US Senator challenges Oculus Rift on data sharing policies and users’ privacy

By Shabana Arif, Monday, 11 April 2016 15:55 GMT

Senator Al Franken writes public letter to Oculus Rift and requests a response within the month.

senator al franken

United States Senator, Al Franken, has issued a public letter to Oculus rift in regard to their data policies and users’ privacy.

Writing to Oculus Rift CEO, Brendan Iribe, Al Franken asks some pertinent questions about the data the company is collecting, why it requires this information, and what it intends to do with it.

“In addition to collecting information provided by consumers, Oculus automatically collects information when the consumer uses Oculus’ services. Information about consumers physical movements and dimensions, as well as location data, can be shared with ‘other companies that are within the family of related companies that Oculus is a part of.’

“The company’s privacy statement also indicates that Oculus may share de-identified or aggregated data with others for any purpose. Furthermore, the information Oculus collects can be shared with third parties to directly market products to consumers on or off Oculus’ platform,” Franken begins, before asking how the collection of this data is necessary for Oculus to provide services, what other purposes the company has for gathering this information, who the data is shared with, and how long user communications are retained.

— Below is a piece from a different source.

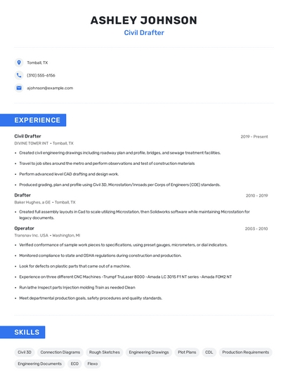 Build a professional civil drafter resume in minutes. Browse through our resume examples to identify the best way to word your resume. Then choose from 5+ resume templates to create your civil drafter resume.

Franken had similar concerns when he contacted Google about what they do with data on schoolchildren, earlier this year.

In his letter he states, “I believe Americans have a fundamental right to privacy, and that right includes an individual’s access to information about what data are being collected about them, how the data are being treated, and with whom the data are being shared.”

Oculus have confirmed that they’ve received the letter. The senator has requested a response by May 13.

With our society’s lackadaisical attitude towards maintaining privacy and data sharing, it’s good to see companies being questioned about why they need to collect data of this kind as part of their terms of use and what they plan on doing with the information they collect.

We’ll keep an eye out for Oculus’ reply.